YOUR TASK: Among the lines of the records, please find those that contain the word "Haarlem" and copy them.
━━━━━━━━━━━━━━━━
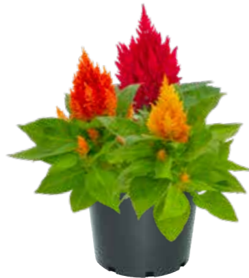
Celosia 'Kimono Trio'
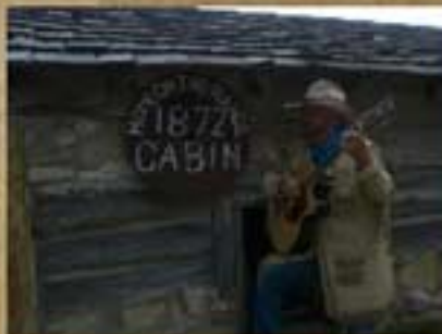
Home on the Range Historical Cabin

What a pleasure it was to help raise over $20,000 for restoration of the cab Home on the Range was written!
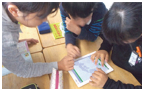
図6 児童がアプリ『日本パズル』で活動する様子

第4学年では、アプリ『日本パズル』(Digital Gene)を使用し、学習動機として「訓練志向」を持って活動に取り組むように「課題解決型」の学習内容を設定した。社会科の授業で、夏休みの宿題であった日本の県名を覚えてくる勉強の復習として、そして県名だけではなくその県形や位置をさらに学ぶために学習を行う。制限時間を設定し、『日本パズル』を1人1回ずる解いていく。互いにヒントを出し合ったり、日本地図を参考にしながら解き、回を重ねる毎に解くスピードは上がっていき、日本の都道府県に関する知識をより深めながら学習活動に取り組む(図6)。
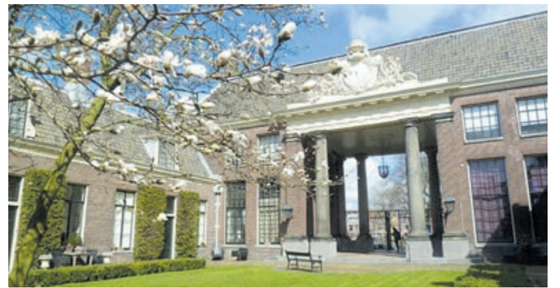
Hofje Haarlem.

Naaiatelier Haarlem, Spaarnwouderstraat 124, Haarlem. Openingstijden: 5 - 15 september (donderdag tot en met zondag), 12.00 - 17.00 uur. Voor meer informatie over de expositie 'Echoes of Being' en de kunstenaars ga naar www.naaiatelierhaarlem.nl . De nieuwe expositieruimte Naaiatelier Haarlem is een informele plek voor kunst. Beeldende kunstenaars kunnen hun werk voor een korte periode exposeren in het mooiste straatje van Haarlem, de Spaarnwouderstraat 124. De naam ontleent zich aan de furnituurenwinkel die er voorheen in het pand gevestigd is.
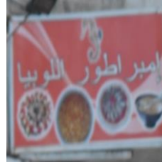
Figure 7 – Enseigne commerciale Alger
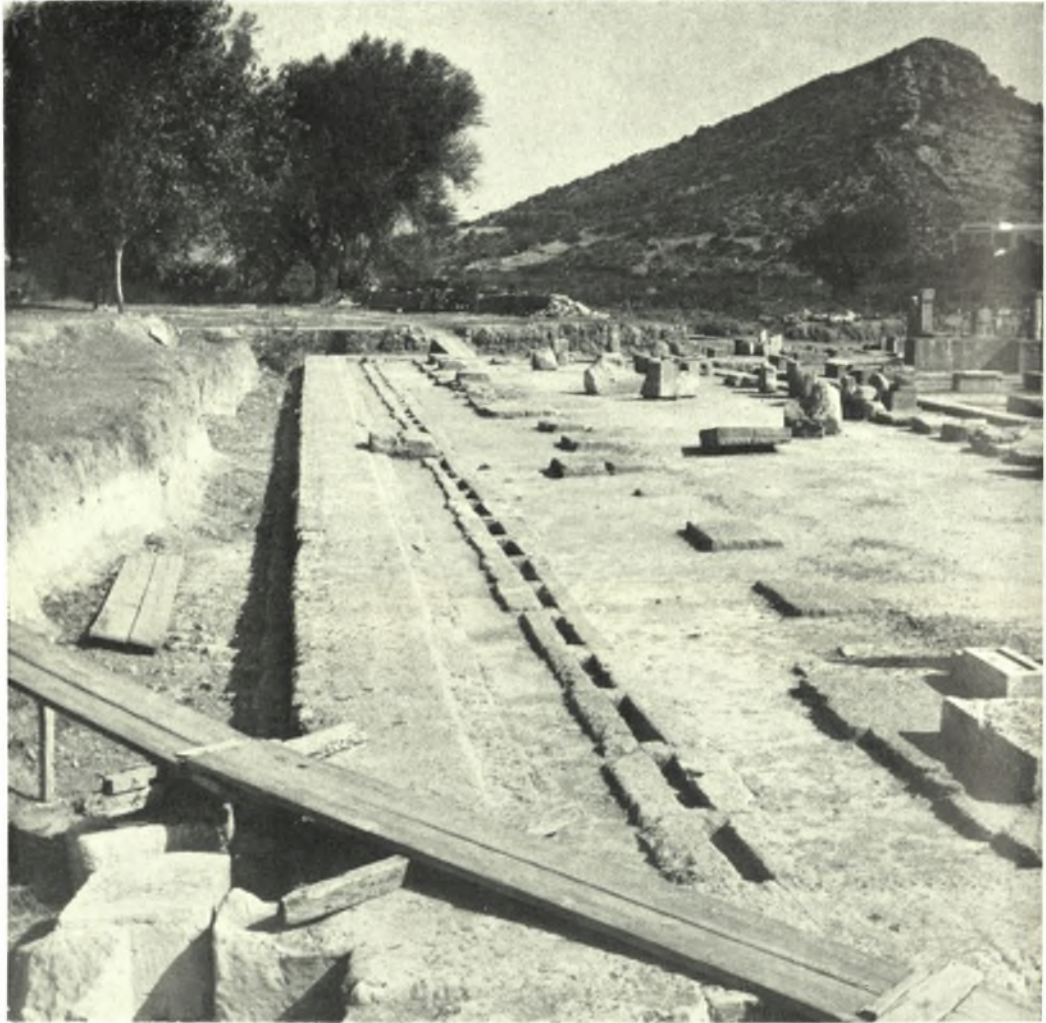
Βραυρών: Τὸ βόρειον μέρος τοῦ στωϊκοῦ συγκροτήματος. Ἡ λεγομένη παραστάς
━━━━━━━━━━━━━━━━
SOLUTION:
Hofje Haarlem.
Naaiatelier Haarlem, Spaarnwouderstraat 124, Haarlem. Openingstijden: 5 - 15 september (donderdag tot en met zondag), 12.00 - 17.00 uur. Voor meer informatie over de expositie 'Echoes of Being' en de kunstenaars ga naar www.naaiatelierhaarlem.nl . De nieuwe expositieruimte Naaiatelier Haarlem is een informele plek voor kunst. Beeldende kunstenaars kunnen hun werk voor een korte periode exposeren in het mooiste straatje van Haarlem, de Spaarnwouderstraat 124. De naam ontleent zich aan de furnituurenwinkel die er voorheen in het pand gevestigd is.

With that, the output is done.